• **What you should do**
The copy should hold exactly the lines below from the one that contains "觀眾在數(shù)字閱讀發(fā)展與技術(shù)博覽會(huì)上體驗(yàn)5G+閱讀。 新華社記者 黃宗治攝" through the one that contains "Бывший министр обороны" and nothing else, so no pictures.
[[ Exercise materials, beginning ]]
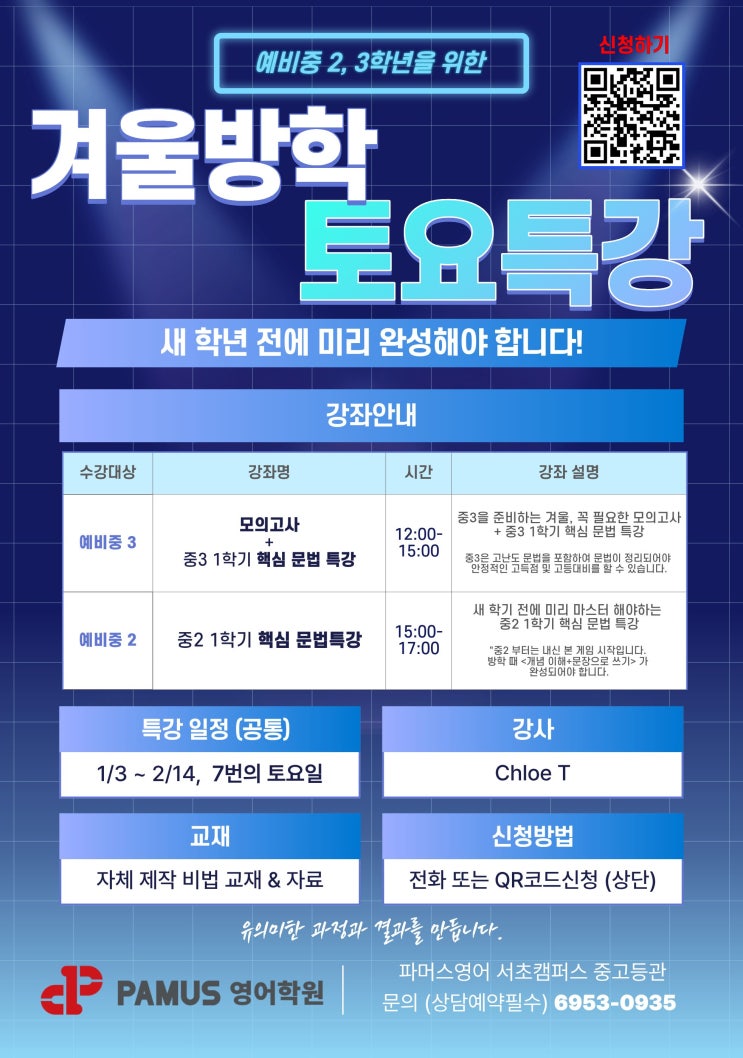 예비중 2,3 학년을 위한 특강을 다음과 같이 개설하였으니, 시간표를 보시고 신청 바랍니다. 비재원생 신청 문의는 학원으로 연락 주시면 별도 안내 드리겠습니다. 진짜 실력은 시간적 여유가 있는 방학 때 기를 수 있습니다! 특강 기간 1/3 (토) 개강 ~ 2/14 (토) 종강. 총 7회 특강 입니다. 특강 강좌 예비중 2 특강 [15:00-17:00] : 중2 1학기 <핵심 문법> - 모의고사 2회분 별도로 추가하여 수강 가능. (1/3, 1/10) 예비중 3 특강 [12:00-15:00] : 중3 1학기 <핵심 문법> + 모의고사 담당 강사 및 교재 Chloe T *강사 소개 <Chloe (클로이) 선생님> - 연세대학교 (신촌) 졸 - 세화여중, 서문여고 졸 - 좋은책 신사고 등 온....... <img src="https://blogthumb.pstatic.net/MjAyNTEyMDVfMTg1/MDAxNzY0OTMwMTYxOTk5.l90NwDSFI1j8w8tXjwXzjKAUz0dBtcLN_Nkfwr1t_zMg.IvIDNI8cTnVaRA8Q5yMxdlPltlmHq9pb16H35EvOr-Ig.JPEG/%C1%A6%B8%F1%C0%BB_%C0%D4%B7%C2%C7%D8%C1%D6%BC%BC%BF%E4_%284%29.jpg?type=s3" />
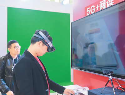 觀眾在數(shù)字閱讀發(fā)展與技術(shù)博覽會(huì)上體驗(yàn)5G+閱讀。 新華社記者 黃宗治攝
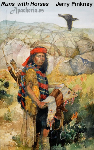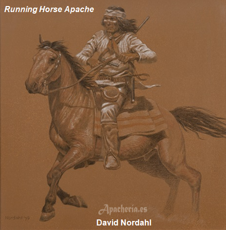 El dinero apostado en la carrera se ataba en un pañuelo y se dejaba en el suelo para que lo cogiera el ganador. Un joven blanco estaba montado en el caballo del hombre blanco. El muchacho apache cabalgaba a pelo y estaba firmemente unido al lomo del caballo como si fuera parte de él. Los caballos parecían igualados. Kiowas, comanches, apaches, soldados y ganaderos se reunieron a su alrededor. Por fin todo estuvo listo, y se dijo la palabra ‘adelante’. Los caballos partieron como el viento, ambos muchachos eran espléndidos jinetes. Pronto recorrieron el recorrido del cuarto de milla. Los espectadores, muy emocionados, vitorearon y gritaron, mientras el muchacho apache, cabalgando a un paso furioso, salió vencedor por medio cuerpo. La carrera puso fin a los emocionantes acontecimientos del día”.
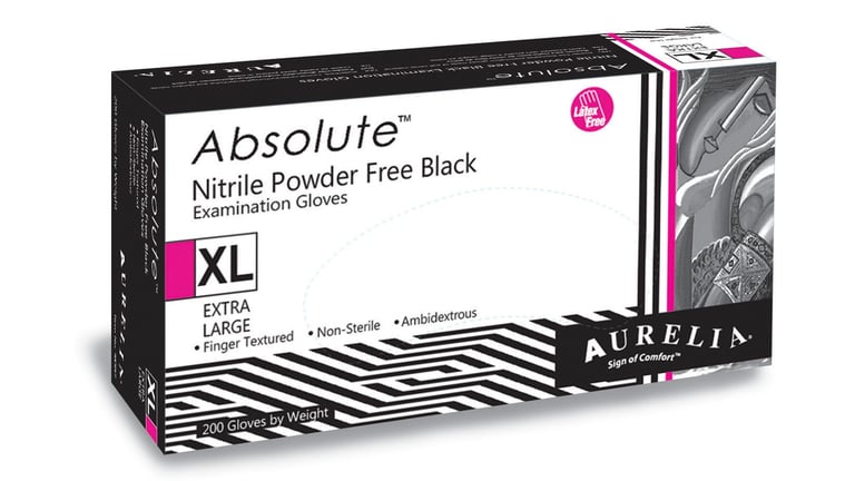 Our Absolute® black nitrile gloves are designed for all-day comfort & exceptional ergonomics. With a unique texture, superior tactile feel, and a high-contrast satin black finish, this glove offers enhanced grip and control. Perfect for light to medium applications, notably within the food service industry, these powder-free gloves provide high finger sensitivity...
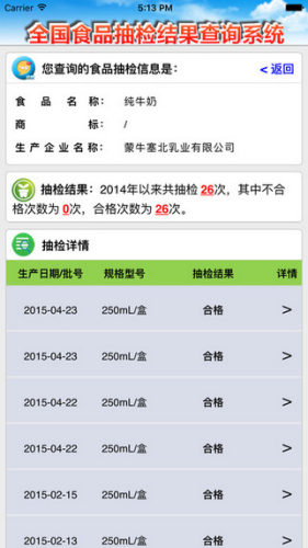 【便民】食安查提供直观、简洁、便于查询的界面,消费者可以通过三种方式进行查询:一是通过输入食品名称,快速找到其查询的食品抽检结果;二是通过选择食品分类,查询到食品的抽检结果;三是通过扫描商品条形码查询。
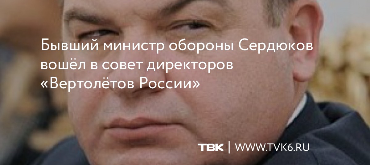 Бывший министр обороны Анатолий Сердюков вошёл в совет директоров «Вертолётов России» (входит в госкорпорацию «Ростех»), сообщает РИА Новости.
[[ Exercise materials, end ]]
[[ Exercise materials, beginning ]]
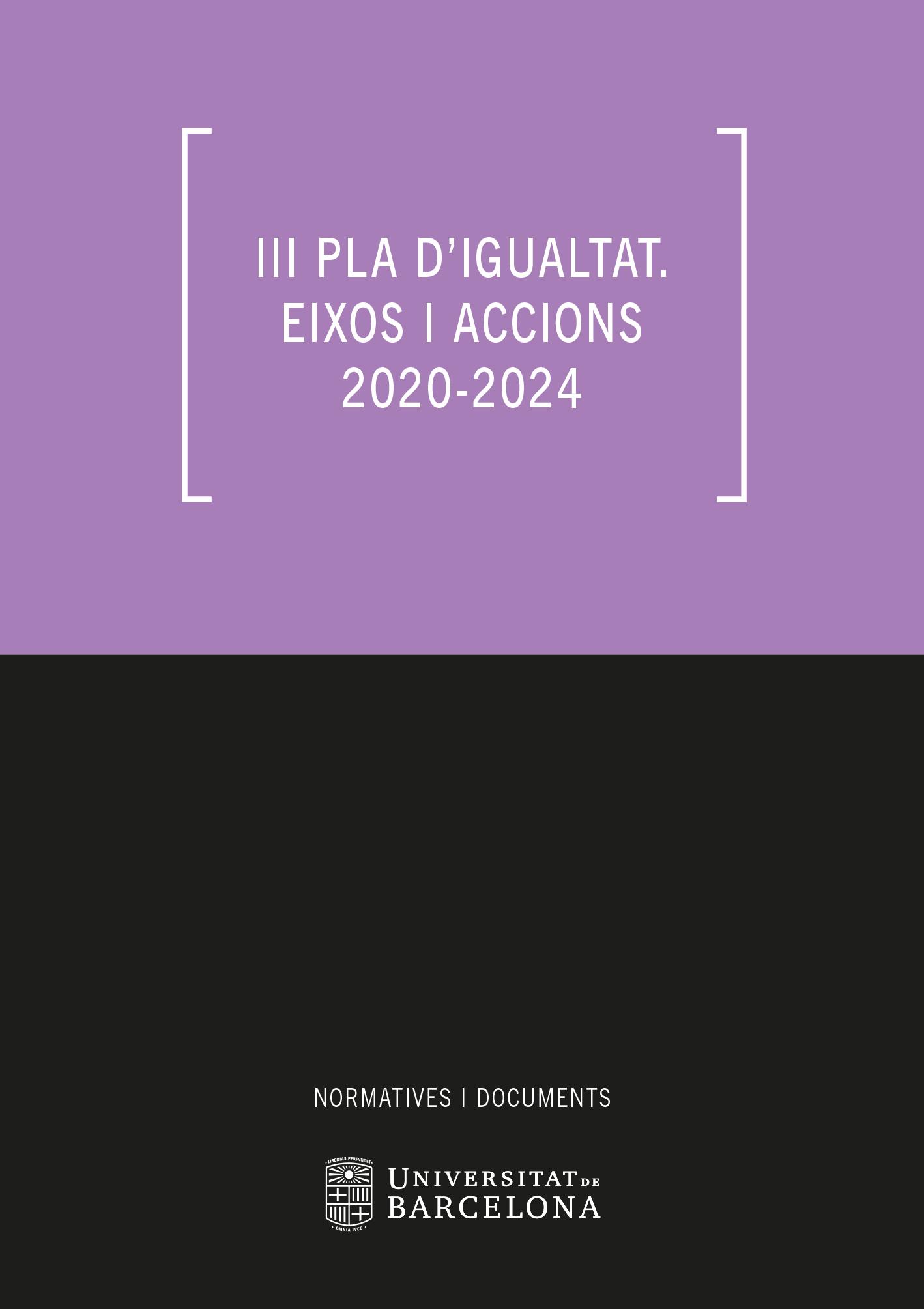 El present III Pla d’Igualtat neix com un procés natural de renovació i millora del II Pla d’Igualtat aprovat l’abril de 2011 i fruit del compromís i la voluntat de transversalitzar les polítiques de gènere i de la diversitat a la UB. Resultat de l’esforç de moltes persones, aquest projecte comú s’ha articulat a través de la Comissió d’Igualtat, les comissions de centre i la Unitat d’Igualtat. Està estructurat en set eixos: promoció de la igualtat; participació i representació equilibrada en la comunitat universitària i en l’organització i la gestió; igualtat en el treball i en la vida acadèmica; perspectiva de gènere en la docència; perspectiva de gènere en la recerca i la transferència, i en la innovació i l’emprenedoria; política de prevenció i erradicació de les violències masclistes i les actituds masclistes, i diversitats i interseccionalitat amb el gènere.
[[ Exercise materials, end ]]
[[ Exercise materials, beginning ]]
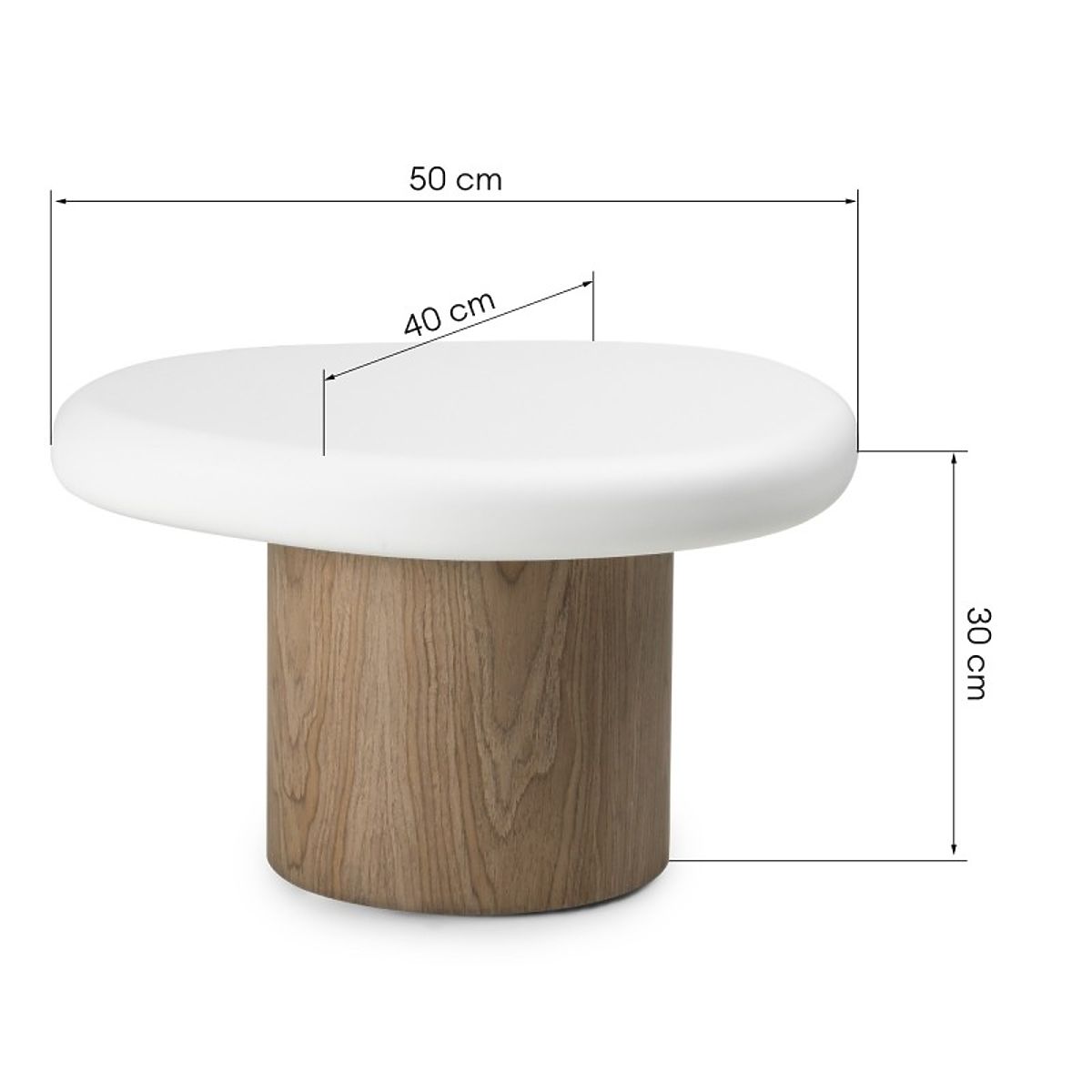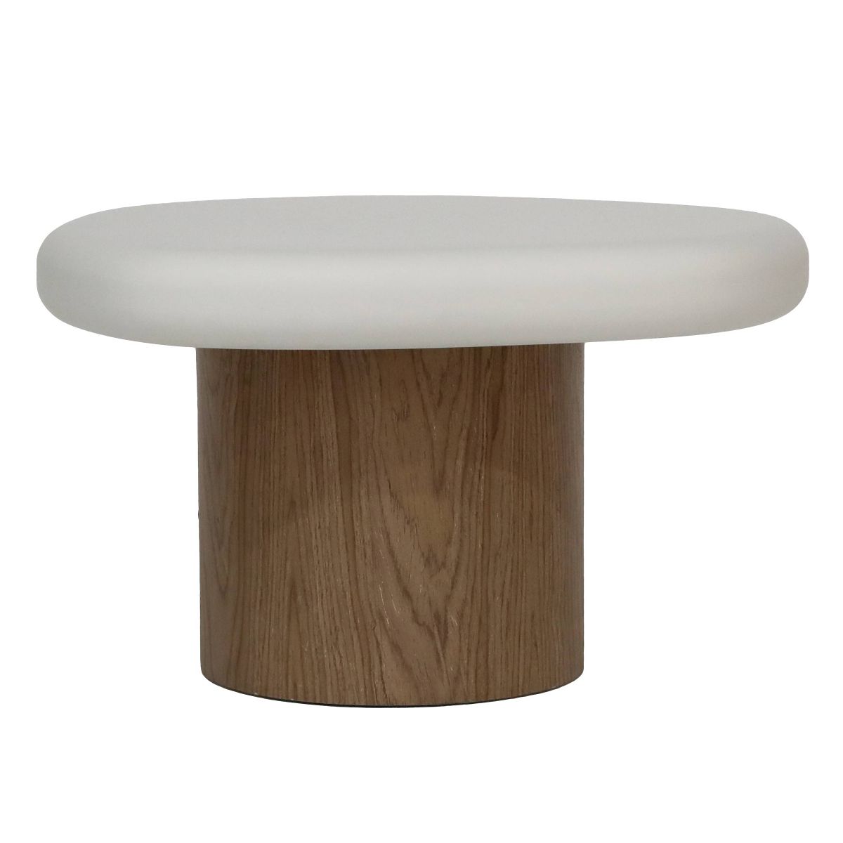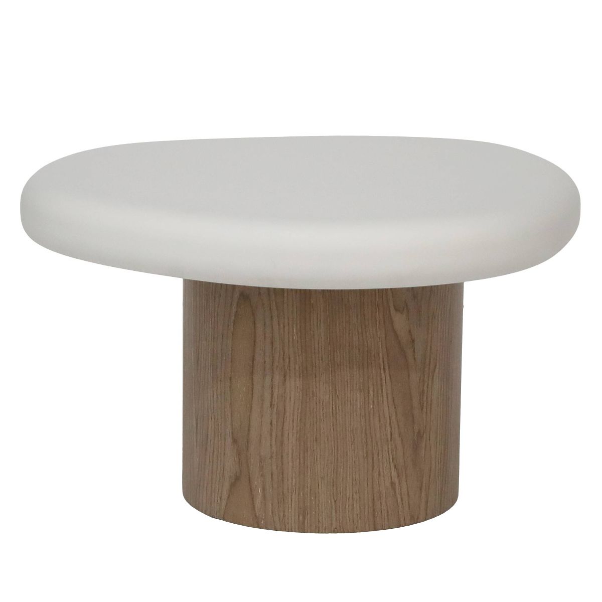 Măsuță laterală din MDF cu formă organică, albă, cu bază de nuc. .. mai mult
[[ Exercise materials, end ]]
• **Answer for the task**
 觀眾在數(shù)字閱讀發(fā)展與技術(shù)博覽會(huì)上體驗(yàn)5G+閱讀。 新華社記者 黃宗治攝
 El dinero apostado en la carrera se ataba en un pañuelo y se dejaba en el suelo para que lo cogiera el ganador. Un joven blanco estaba montado en el caballo del hombre blanco. El muchacho apache cabalgaba a pelo y estaba firmemente unido al lomo del caballo como si fuera parte de él. Los caballos parecían igualados. Kiowas, comanches, apaches, soldados y ganaderos se reunieron a su alrededor. Por fin todo estuvo listo, y se dijo la palabra ‘adelante’. Los caballos partieron como el viento, ambos muchachos eran espléndidos jinetes. Pronto recorrieron el recorrido del cuarto de milla. Los espectadores, muy emocionados, vitorearon y gritaron, mientras el muchacho apache, cabalgando a un paso furioso, salió vencedor por medio cuerpo. La carrera puso fin a los emocionantes acontecimientos del día”.
 Our Absolute® black nitrile gloves are designed for all-day comfort & exceptional ergonomics. With a unique texture, superior tactile feel, and a high-contrast satin black finish, this glove offers enhanced grip and control. Perfect for light to medium applications, notably within the food service industry, these powder-free gloves provide high finger sensitivity...
 【便民】食安查提供直观、简洁、便于查询的界面,消费者可以通过三种方式进行查询:一是通过输入食品名称,快速找到其查询的食品抽检结果;二是通过选择食品分类,查询到食品的抽检结果;三是通过扫描商品条形码查询。
 Бывший министр обороны Анатолий Сердюков вошёл в совет директоров «Вертолётов России» (входит в госкорпорацию «Ростех»), сообщает РИА Новости.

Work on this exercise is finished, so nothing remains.